Si le juge italien n’accepte pas de s’en saisir, il me semble qu’il a reconnu à la décision belge un effet atténué.

C’est en donnant suite à une sorte d’exception de chose jugée et – l’ajout me paraît important – exécutée à l’étranger, que l’Italie finit par reconnaître la vocation successorale de Monsieur Y et le statut qui en est la source.

Chose jugée et exécutée.

* * *

Si la reconnaissance atténuée est plus satisfaisante que la non-reconnaissance du tout, elle se heurte à des graves réserves.

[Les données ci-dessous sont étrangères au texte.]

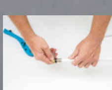
03. Montaż złączki
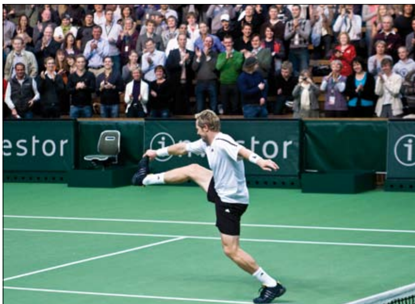
Jonas Björkmans "Brysselsteg".

Fredagens första match spelades mellan David Nalbandian och Thomas Johansson. Tompa gjorde här en mycket stark insats och skakade om Nalbandian ordentligt. Till slut stod dock argentinaren som segrare i 4:e set efter en tuff kamp. Robin fick möta José Acasuso i fredagens andra singel. Argentina var
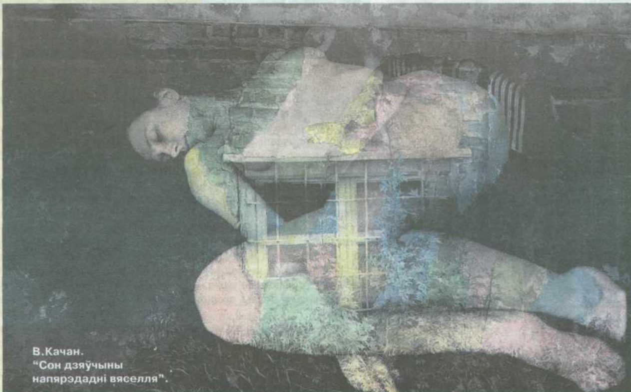
В.Качан. "Сон дзяўчыны наярэдадні вяселля".
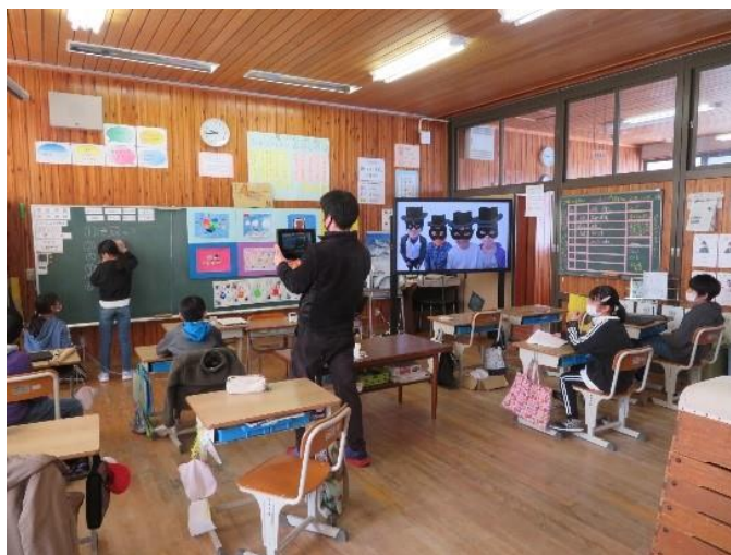
オンライン土曜授業参観（学習発表）
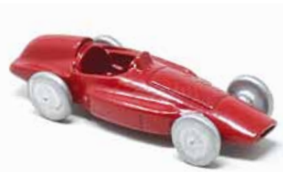
ART. 3013 - Ferrari 555 F1 "Supersqualo" - 1955 Scuderia Ferrari
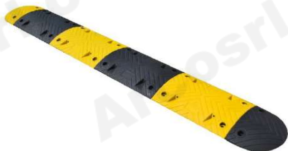
ARC 50 20 KM/H
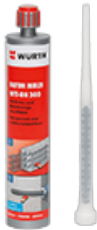
Verbundmörtel WIT Montagemörtel für Beton und Mauerwerk
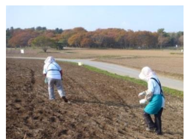
『ネモフィラ種まきの様子』
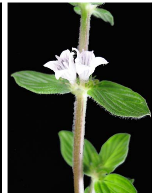
15 Diodella radula
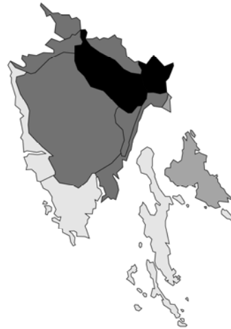
Abb. 50: Lamium orvala

Car la coordination qu’elle génère menace de ne se réaliser qu’après et par la saisine d’un juge : coordination postjudiciaire qui porte atteinte à la prévisibilité du droit.

Les justiciables risquent d’être tenus dans l’ignorance quant à celui des Etats – Italie et Belgique dans l’exemple – qui imposera son statut et auquel l’autre s’ajustera.

Ils sont incités à se faire un procès.

Résultat qui risque, en Europe, d’être contraire à l’objectif de la création d’un espace de liberté, sécurité et justice.

Un tel objectif prescrit de rechercher une coordination préjudiciaire des systè- mes juridiques et d’une sécurité juridique préjudiciaire.

Mesdames et Messieurs, je vous remercie.